While playing around with Crystal I noticed that Ruby is quite faster than Crystal in generating randoms.

I wrote a Crystal script that performs 10 million randoms (hex, base64, rand and random_bytes) and measures the times.

I did the same in Ruby and found that the Ruby script is significantly faster than Crystal.

Is this expected? Are Crystal randoms more secure and thus more expensive?

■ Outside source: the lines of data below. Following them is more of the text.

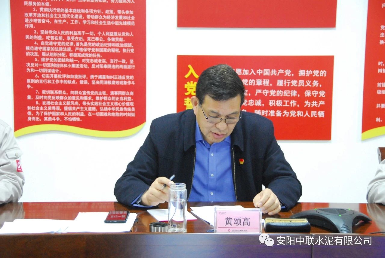 最后,黃頌高代表領(lǐng)導(dǎo)班子作表態(tài)發(fā)言。黃頌高表示,安陽(yáng)中聯(lián)將在中國(guó)聯(lián)合水泥、河南運(yùn)營(yíng)管理區(qū)的正確領(lǐng)導(dǎo)下,以此次民主生活會(huì)為契機(jī),緊緊圍繞中國(guó)聯(lián)合水泥下達(dá)的年度目標(biāo)任務(wù)和政治巡視整改工作安排,著力謀劃好公司黨的建設(shè)和“水泥+”一體化經(jīng)營(yíng)發(fā)展大計(jì),加強(qiáng)科學(xué)謀劃,深化改革創(chuàng)新,搶抓機(jī)遇,堅(jiān)定信心,迎難而上,確保全年各項(xiàng)目標(biāo)任務(wù)如期完成,以優(yōu)異的成績(jī)迎接建黨100周年。
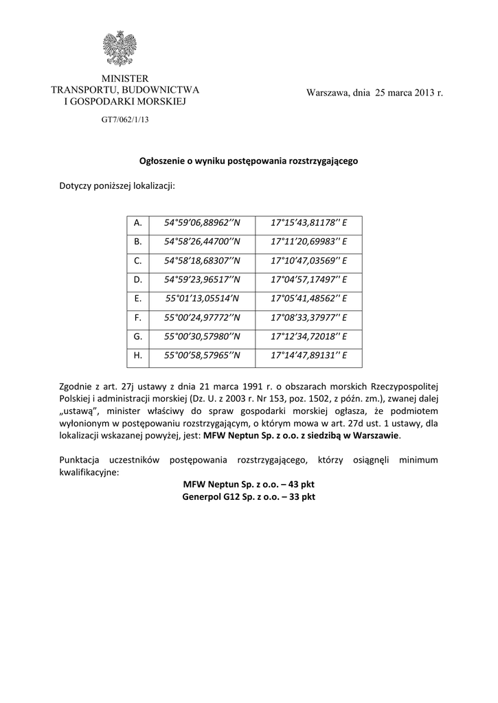 MINISTER TRANSPORTU, BUDOWNICTWA I GOSPODARKI MORSKIEJ Warszawa, dnia 25 marca 2013 r. GT7/062/1/13 Ogłoszenie o wyniku postępowania rozstrzygającego Dotyczy poniższej lokalizacji: A. 54°59’06,88962’’N 17°15’43,81178’' E B. 54°58’26,44700’’N 17°11’20,69983’' E C. 54°58’18,68307’’N 17°10’47,03569’' E D. 54°59’23,96517’’N 17°04’57,17497’' E E. 55°01’13,05514’N 17°05’41,48562’' E F. 55°00’24,97772’’N 17°08’33,37977’' E G. 55°00’30,57980’’N 17°12’34,72018’' E H. 55°00’58,57965’’N 17°14’47,89131’' E Zgodnie z art. 27j ustawy z dnia 21 marca 1991 r. o obszarach morskich Rzeczypospolitej Polskiej i administracji morskiej (Dz. U. z 2003 r. Nr 153, poz. 1502, z późn. zm.), zwanej dalej „ustawą”, minister właściwy do spraw gospodarki morskiej ogłasza, że podmiotem wyłonionym w postępowaniu rozstrzygającym, o którym mowa w art. 27d ust. 1 ustawy, dla lokalizacji wskazanej powyżej, jest: MFW Neptun Sp. z o.o. z siedzibą w Warszawie. Punktacja uczestników postępowania rozstrzygającego, którzy osiągnęli kwalifikacyjne: MFW Neptun Sp. z o.o. – 43 pkt Generpol G12 Sp. z o.o. – 33 pkt minimum
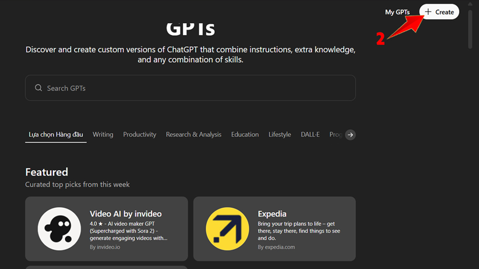 Tạo Custom GPTs giúp bạn xây dựng một phiên bản ChatGPT hoạt động theo mục tiêu riêng như viết SEO, hỗ trợ khách hàng hay xử lý tài liệu nội bộ. Cách huấn luyện ChatGPT như sau:
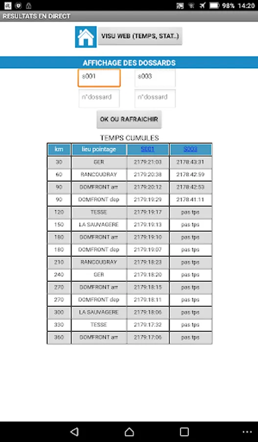 - Track time score walker (ability to record 4 bibs)
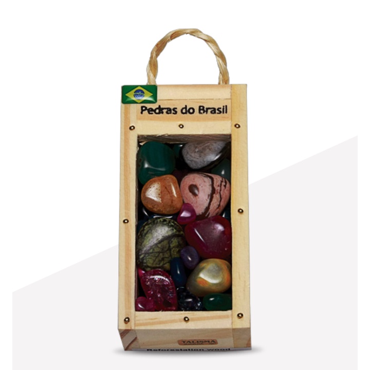 Coleção Caixa Madeira Com Pedras Preciosas Do Brasil
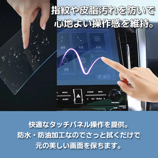 なめらかな指触りと快適な操作性を保ちつつ、汚れ・傷等からカーナビの液晶を保護。
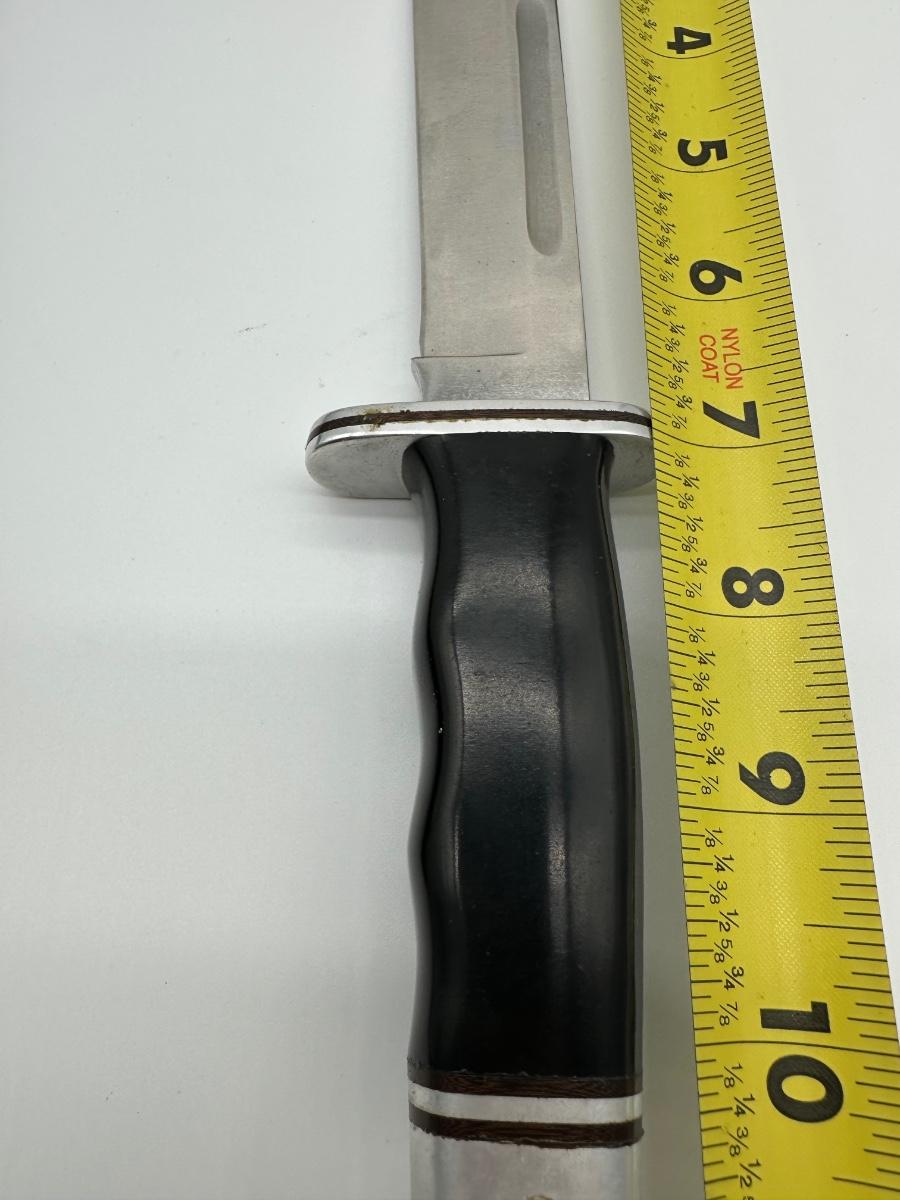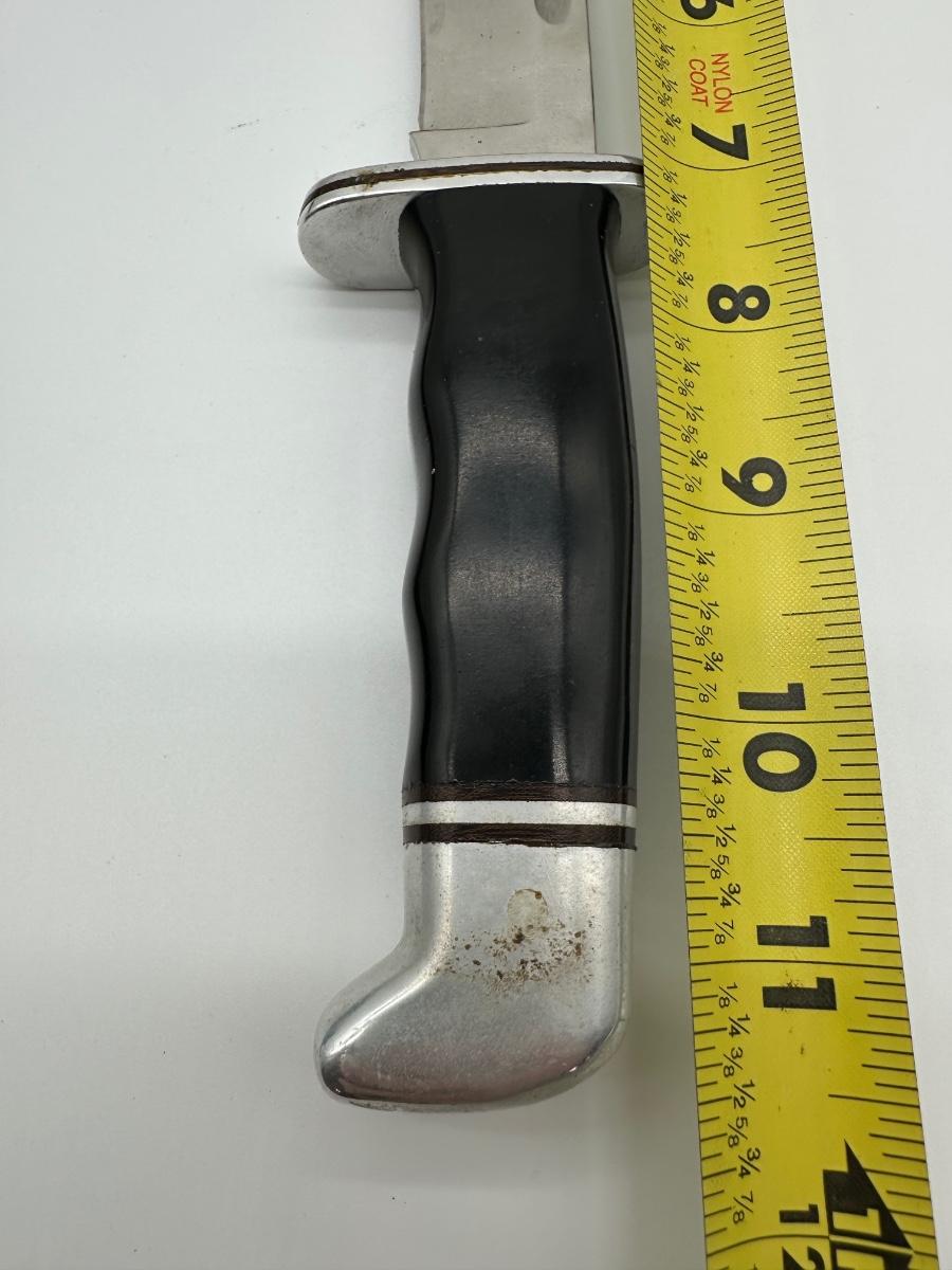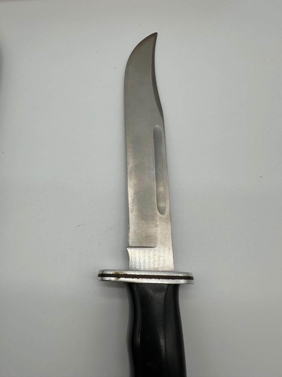 Authentic Buck 120 General fixed-blade knife, made in USA, with original black sheath and Buck box. Classic clip-point blade with fuller, aluminum guard and pommel, black handle. A legendary Buck hunting/utility knife—excellent collector or field piece.
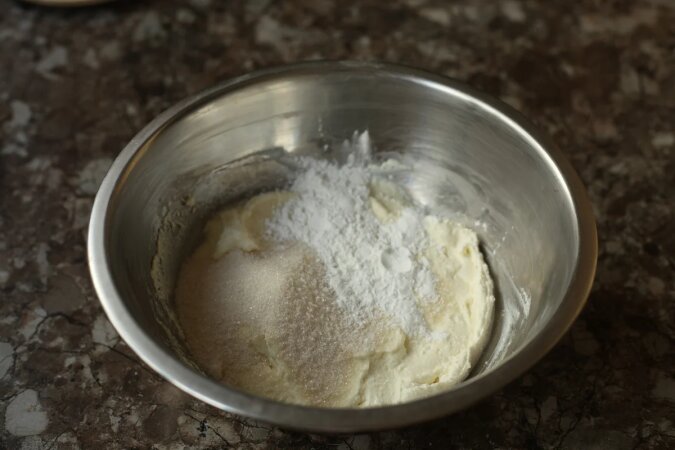 Następnie włóż schłodzone masło, pokrój je na kawałki i rozkrusz rękoma. Robimy wszystko szybko, aby masło nie stopiło się pod wpływem ciepła naszych dłoni. Okruchy są gotowe, na razie odkładamy je na bok.
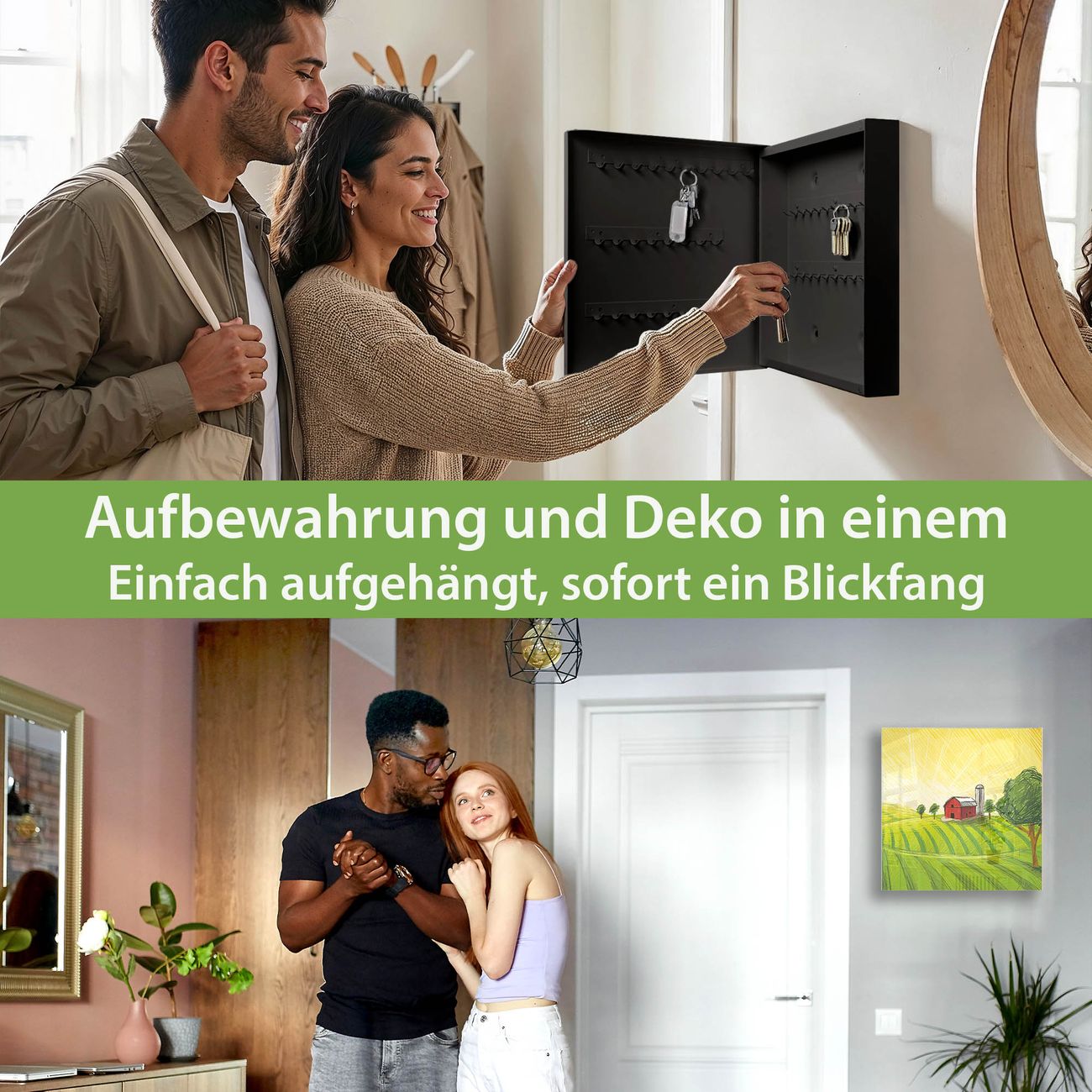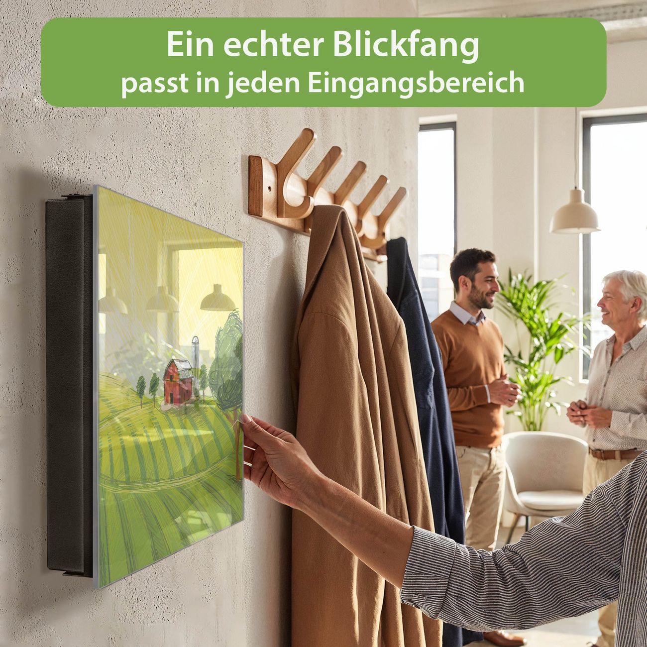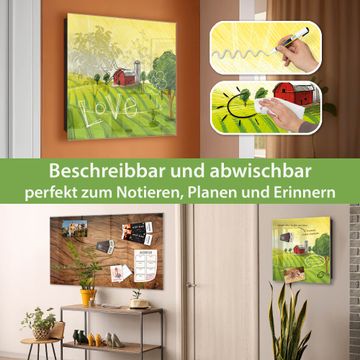 Bringe Ordnung und Eleganz in deinen Eingangsbereich mit dem banjado Schlüsselkasten Motiv Motiv Auf dem Land. Die moderne Schlüsselbox kombiniert funktionales Design mit hochwertiger Verarbeitung und wird so zu einem echten Hingucker in Flur, Büro oder Ferienwohnung. ✅ Stilvolle Schlüsselaufbewahrung mit Glasfront im Motiv Motiv Auf dem Land Der Design-Schlüsselkasten Motiv Motiv Auf dem Land bietet Platz für bis zu 50 Schlüssel, die auf 5 stabilen Reihen mit je 10 Haken übersichtlich verstaut werden. Mit seinen kompakten Maßen von 30 x 30 x 5 cm passt die Schlüsselbox perfekt auch in kleinere Räume. Der schwarz lackierte Stahlkorpus mit rechts angeschlagenem Türscharnier harmoniert mit der Glasfront und fügt sich nahtlos in jedes Wohnambiente ein. Ob als Schlüsselorganizer für Zuhause oder als praktische Lösung für Büros, Praxen und Gewerbe, der banjado Schlüsselkasten sorgt für Ordnung und Übersicht. Dank der magnetischen, mit Kreidestiften beschreibbaren Glasfront kannst du Notizen anheften oder Termine direkt auf der Oberfläche festhalten. Die Schlüsselbox Motiv Motiv Auf dem Land zur Wandmontage wird inklusive Befestigungsmaterial geliefert und ist schnell angebracht. So hast du deine Schlüssel jederzeit griffbereit und zugleich stilvoll verstaut. Mit diesem banjado Schlüsselkasten Motiv Motiv Auf dem Land kombinierst du praktische Aufbewahrung mit stilvollem Wohndesign. Ob privat oder geschäftlich, die Schlüsselbox sorgt für mehr Ordnung, Übersicht und ein wohnliches Ambiente.Vorteile im Überblick
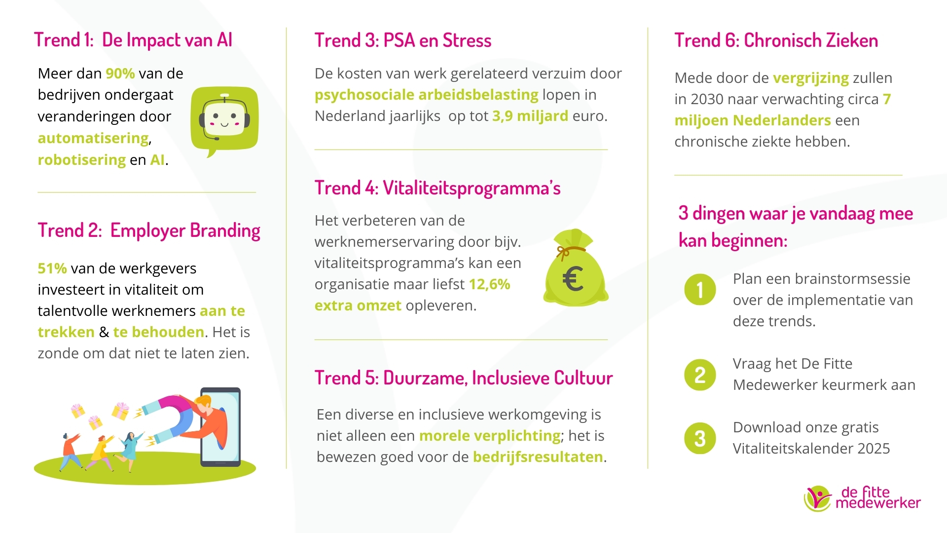 Ontdek praktische strategieën om jouw vitaliteitsbeleid toekomstbestendig te maken. Van het benutten van kunstmatige intelligentie voor betere inzichten en efficiëntie, tot het creëren van een inclusieve werkomgeving waarin iedereen floreert – deze trends bieden unieke kansen om jouw organisatie te laten groeien. Laat je inspireren door concrete voorbeelden en slimme tools die je helpen om van 2026 een succesvol en vitaal jaar te maken.
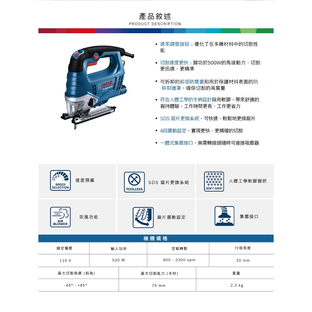 BOSCH 博世 520W快拆式可調速線鋸機 GST 750BOSCH 博世 520W快拆式可調速線鋸機 GST 750ToolsBOSCH 博世官方授權專賣店
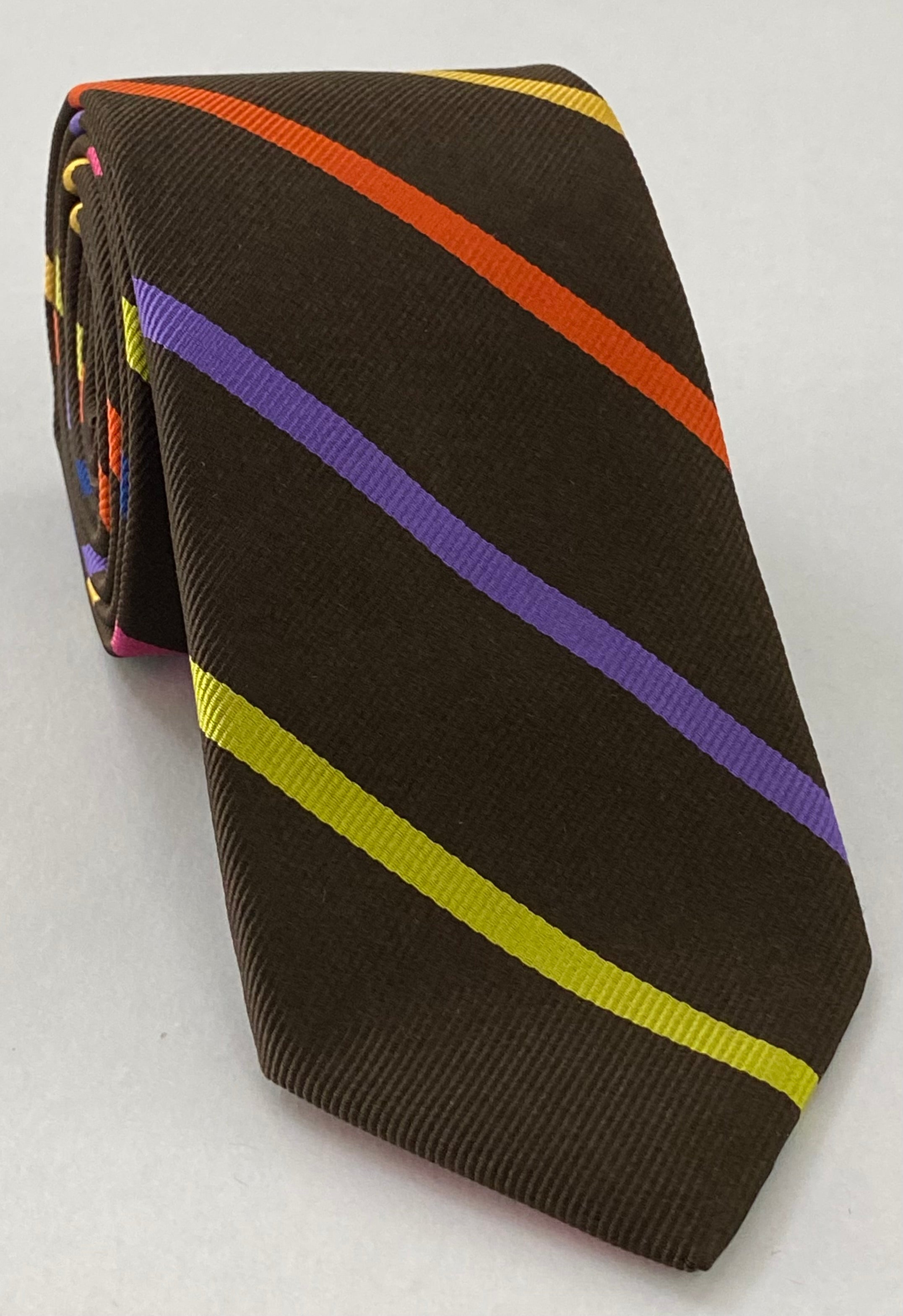 Blue, Yellow Corn, Orange, Lavender, Young Leaf Green & Fuchsia on Bitter Chocolate Reppe Stripe Silk Tie RST-57

| Generator | Amount | Time in Crystal | Time in Ruby |
|:--------------- |-------:|----------------:|-------------:|
| hex | 10M | ~ 47.4s | ~ 8.8s |
| base64 | 10M | ~ 52.1s | ~ 10.6s |
| rand | 10M | ~ 43.8s | ~ 6.1s |
| random_bytes | 10M | ~ 47.8s | ~ 5.8s |

(In Crystal I used Random, in Ruby I used SecureRandom)

$ crystal -v
Crystal 0.25.1 (2018-06-29)

LLVM: 5.0.2
Default target: x86_64-apple-macosx

$ ruby -v
ruby 2.5.1p57 (2018-03-29 revision 63029) [x86_64-darwin17]

Environment

macOS High Sierra 10.13.5 (17F77)
1.4 GHz Intel Core i7
8 GB 1867 MHz LPDDR3

(This description and all scripts are available at https://github.com/lxxxvi/ruby-vs-crystal-random-performance )

Source

lxxxvi

Most helpful comment

Don't bother tweaking Random::Secure. It doesn't have to be fast, it has to be a CSPRNG, meant for cryptography and secure usages such as generating secret keys, or seeding a PRNG. Free performance is great, but it musn't impact the cryptography quality. It's _already_ the best we can achieve today, secure & performance wise —except for FreeBSD 12 where we could leverage getrandom(2).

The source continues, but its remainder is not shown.